Pronto se supo que Gontrodo estaba encinta
de nuevo, aunque para don Pedro fue como la primera vez. Como si este fuera su
primer nieto esperado pacientemente, tras años de infertilidad. Un hijo del
rey. Del rey emperador, nada menos. Doña María continuaba sin entender, por qué
un bastardo era motivo de tanta alegría, aunque su padre fuera el mismo
emperador.
__Antes era mucho mejor. Cuando los
bastardos se arrojaban al río Aller, para que se los llevara la corriente.
Alfonso regresó cuando la primavera floreció
como el vientre de su amada Gontrodo, que se mantuvo impoluta, sin varón
alguno, hasta el regreso del rey y el reconocimiento público de su paternidad.
Ni que decir tiene que el Aula Regia falló el litigio con Eslonza a favor de la
Torre. Y que a don Gutierre Estebánez, le llovieron prebendas y títulos para
mitigar los cuernos.

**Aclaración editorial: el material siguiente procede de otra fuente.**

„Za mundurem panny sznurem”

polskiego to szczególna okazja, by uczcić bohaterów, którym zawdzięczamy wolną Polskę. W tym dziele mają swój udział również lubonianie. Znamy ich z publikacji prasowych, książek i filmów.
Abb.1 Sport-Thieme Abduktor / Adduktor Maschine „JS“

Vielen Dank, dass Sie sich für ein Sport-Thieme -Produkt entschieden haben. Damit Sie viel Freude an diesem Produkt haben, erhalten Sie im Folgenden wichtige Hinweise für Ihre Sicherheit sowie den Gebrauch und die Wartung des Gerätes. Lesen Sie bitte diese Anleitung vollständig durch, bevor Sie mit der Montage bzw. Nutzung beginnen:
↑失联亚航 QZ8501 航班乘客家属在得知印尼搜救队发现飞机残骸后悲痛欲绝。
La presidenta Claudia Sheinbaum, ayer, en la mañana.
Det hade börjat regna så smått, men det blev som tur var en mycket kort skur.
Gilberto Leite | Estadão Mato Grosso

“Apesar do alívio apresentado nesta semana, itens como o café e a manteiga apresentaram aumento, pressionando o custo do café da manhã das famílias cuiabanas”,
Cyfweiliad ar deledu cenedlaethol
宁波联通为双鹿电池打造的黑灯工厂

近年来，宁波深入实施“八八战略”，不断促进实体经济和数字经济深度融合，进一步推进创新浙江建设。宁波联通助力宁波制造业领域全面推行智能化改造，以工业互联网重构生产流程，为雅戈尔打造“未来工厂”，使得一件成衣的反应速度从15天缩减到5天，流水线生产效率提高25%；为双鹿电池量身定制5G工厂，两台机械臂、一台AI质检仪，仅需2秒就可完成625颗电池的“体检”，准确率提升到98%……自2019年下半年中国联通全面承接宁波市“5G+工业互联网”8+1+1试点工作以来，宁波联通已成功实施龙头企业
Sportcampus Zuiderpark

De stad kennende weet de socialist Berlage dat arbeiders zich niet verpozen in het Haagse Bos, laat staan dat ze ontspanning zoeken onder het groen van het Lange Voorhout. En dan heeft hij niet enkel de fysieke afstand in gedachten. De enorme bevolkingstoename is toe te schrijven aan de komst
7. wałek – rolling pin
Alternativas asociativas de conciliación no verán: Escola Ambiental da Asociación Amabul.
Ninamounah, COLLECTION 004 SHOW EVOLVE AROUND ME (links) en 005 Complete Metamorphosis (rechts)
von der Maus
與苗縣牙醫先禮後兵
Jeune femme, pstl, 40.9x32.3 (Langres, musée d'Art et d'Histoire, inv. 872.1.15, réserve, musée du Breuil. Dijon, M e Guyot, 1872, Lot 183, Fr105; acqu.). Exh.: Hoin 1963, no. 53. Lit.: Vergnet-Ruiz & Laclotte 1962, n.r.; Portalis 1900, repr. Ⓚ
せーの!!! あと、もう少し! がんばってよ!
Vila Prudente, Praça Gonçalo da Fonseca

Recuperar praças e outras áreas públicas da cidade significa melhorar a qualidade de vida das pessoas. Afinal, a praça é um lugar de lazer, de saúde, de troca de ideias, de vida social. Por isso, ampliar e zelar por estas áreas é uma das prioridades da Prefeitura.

Fue designado teniente en Entrialgo, en la zona oriental,
lo cual le obligó a residir lejos de su esposa, quien continuó toda su vida el contacto
con el rey, aunque sus encuentros fueran escasos, por la vida tan atareada de
guerras y batallas que llevó hasta su muerte el emperador.

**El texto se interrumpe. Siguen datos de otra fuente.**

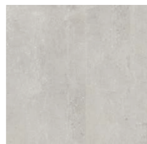
Toronto OFW 60x60 / 24x24"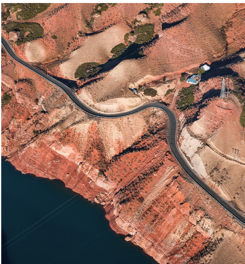
10月25日,呼图壁县南部山区,湖畔伴行公路。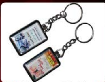
جاکلیدی قابدار-دورو- (کد:۳۵۴۴) چاپ رنگی (حداقل تعداد: ۵۰ عدد)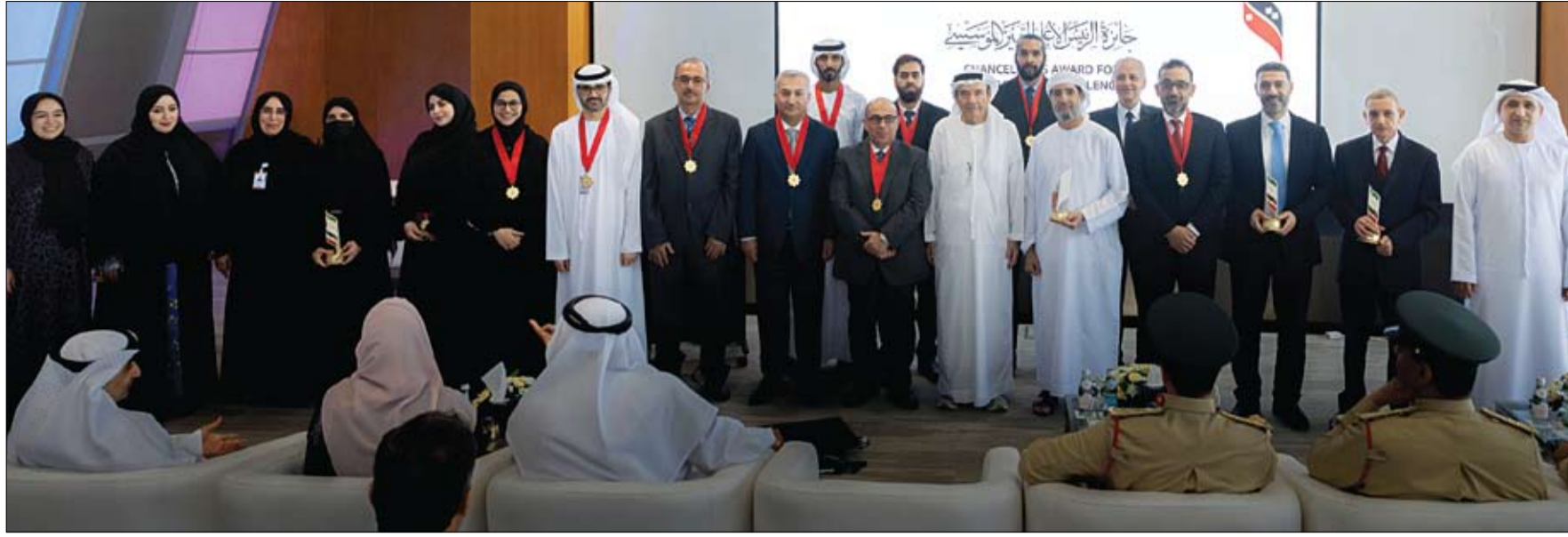
في دورتها الرابعة لعام 2024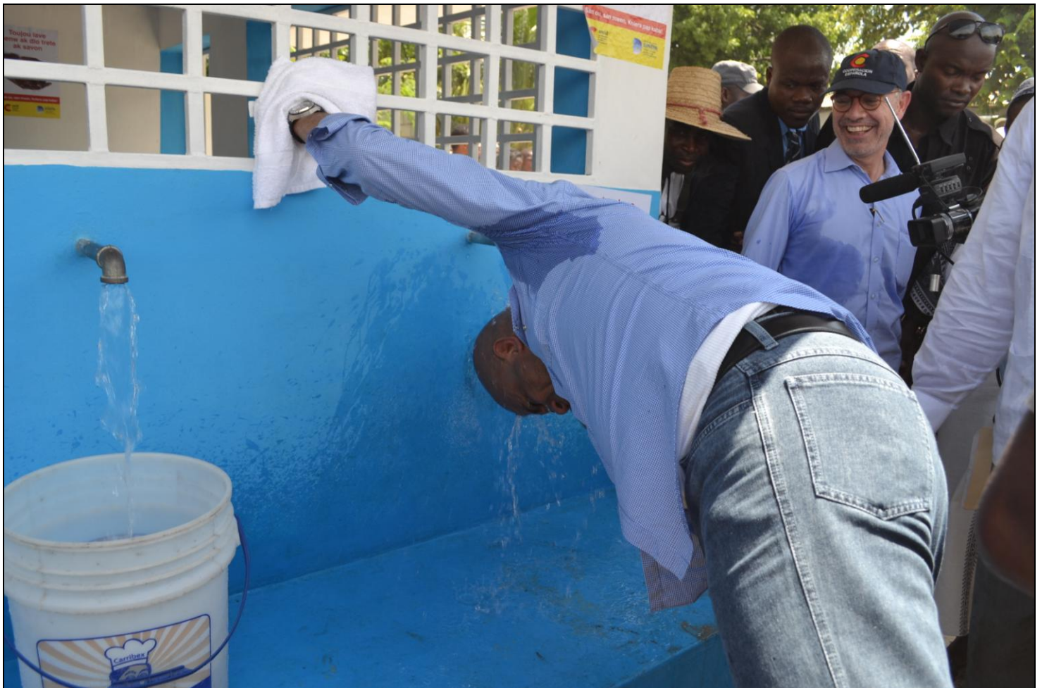
Aux alentours de Midi – Il fait très chaud. Le Président Martelly devant l'un des kiosques de distribution

El fruto nacido de estas relaciones fue una
niña a quien su padre, el rey, quiso llamar Urraca como su madre y su hermana.
Con apenas un año de vida fue llevada a León y entregada al cuidado de su tía
Sancha. Su padre la casa a los catorce
años, con el rey de Pamplona García Ramírez, viudo y bastante mayor que ella.

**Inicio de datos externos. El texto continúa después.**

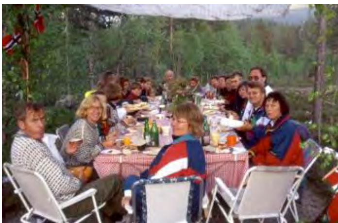
Vi feirer 10 år i Vassfaret

Gildebevegelsen står sterkt i Drammen. 1. St. Georgs Gilde kom til allerede høsten 1945 og lenge før Norsk Speiderguttforbund tenkte tanken, kalte de sin forening for Speidergildet. Så fornøyd var de med organiseringen og navnet at de først i 1954 meldte seg inn i St. Georgs Gildene i Norge. På det meste var de oppe i 61 medlemmer.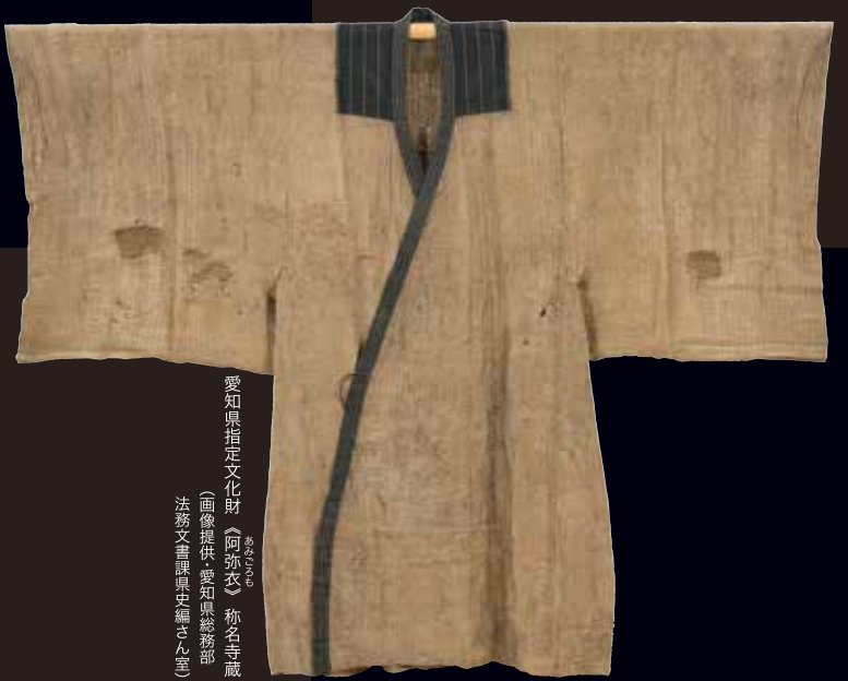
愛知県指定文化財 《阿弥衣》 称名寺蔵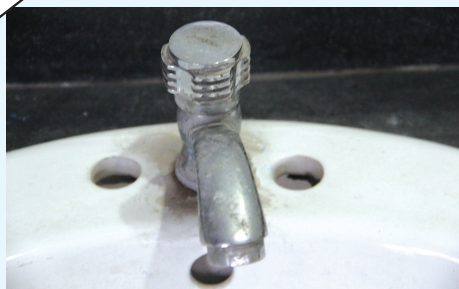
清洁前的不锈钢水龙头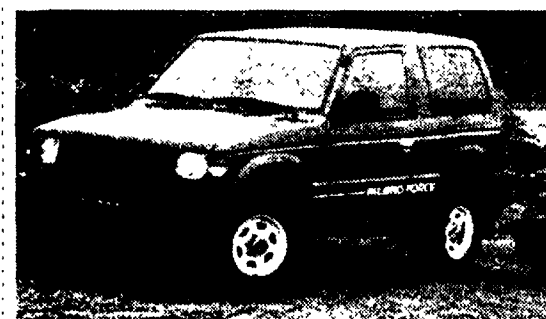
DAL NOSTRO INVIATO ROSSELLA DALLO'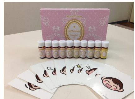
メンタルアロマのセルフキット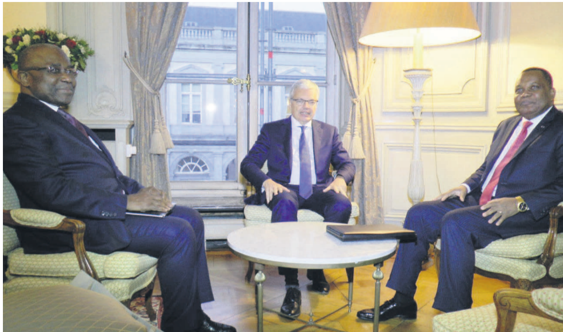
Le ministre Jean Claude Gakosso reçu par Didier Reynders

A l'issue du tête-à-tête, le chef de la diplomatie congolaise a parlé de l'excellence des relations entre Bruxelles et Brazzaville. « Entre le Congo et la Belgique, il y a de bonnes perspectives de coopération » et les deux pays vont « se déployer pour que cette relation demeure dynamique », a déclaré Jean-Claude Gakosso. Le ministre a, par ailleurs, indiqué que la situation dans le département du Pool figurait parmi les points abordés avec la partie belge. « Nous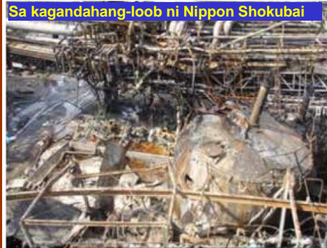
Larawan 1: Nawasak na AA Tank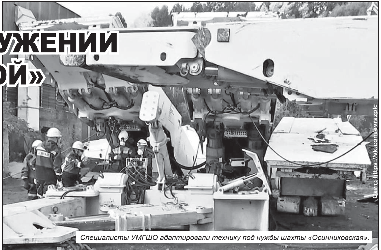
Специалисты УМГШО адаптировали технику под нужды шахты «Осинниковская».

Современный демонтажный мехкомплекс разработан с учетом особенностей горных выработок шахты «Осинниковская» и совсем скоро появится у горняков угольного предприятия. Они работают в сложных условиях – на крутонаклонных, до 15 градусов, пластах. Оборудование управляется дистанционно, что обеспечивает безопасность и позволяет двигать секции без канатно-тяговых систем (лебедок). Это новый шаг в техническом перевооружении производства! Сейчас комплекс проходит тестовые испытания, и до конца сентября будет спущен в шахту для демонтажа лавы 4156. В случае успешных испытаний оборудование поставят на шахту «Алардинская» и другие предприятия Распадской угольной компании.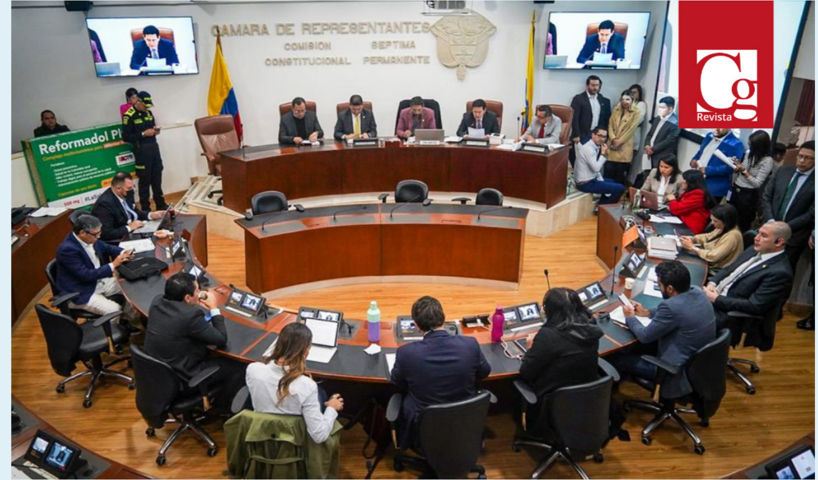
Comisión VII de la Cámara de Representantes.

También se aprobaron los límites en la subordinación laboral; medidas para la eliminación de la violencia, el acoso y la discriminación laboral; el artículo que define que las plataformas digitales de reparto deberán asumir el 60 % de la seguridad social de los repartidores; la supervisión humana de los sistemas automatizados; la regulación del trabajo de los migrantes en el país.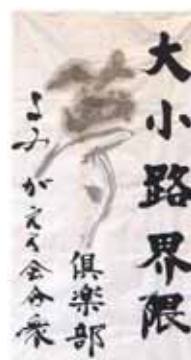
大小路界隈『夢』倶楽部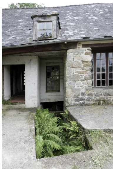
Vue partielle du moulin depuis l'ouest : l'emplacement du canal de fuite. IVR52_20075300399NUCA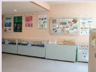
成果品展示コーナー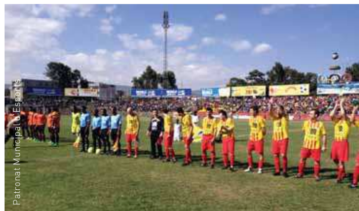
El partit entre el Ramassà i el Saint George estava a punt de començar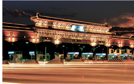
首都机场高速天竺收费站区

项目地点浙江省宁波市，建筑面积 3.8 万 m 2 。该项目获 2012 年度交通系统交通优秀设计项目一等奖。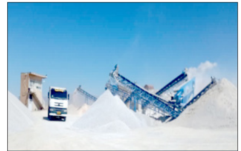
کارخانه آسفالت و تولید شن و تولید ۱۸ هزار تن آسفالت

Gontrodo asiste a la ceremonia en León, aunque para ese tiempo ya viviera
retirada en un convento como hacían las viudas de rey. Urraca, la asturiana,
fue siempre la favorita entre todos los hijos del emperador.
Urraca enviuda y regresa a Asturias junto a
su madre, residiendo en Oviedo en el palacio de Alfonso II, el Casto, al lado
de la catedral. Su padre el rey le otorga el titulo de reina gobernadora de
Asturias. Casó de nuevo con Álvaro
Rodríguez de Castro. Ambos protagonizaron una rebelión contra el medio
hermano de Urraca, Fernando II de
León, tratando de conseguir la independencia de Asturias.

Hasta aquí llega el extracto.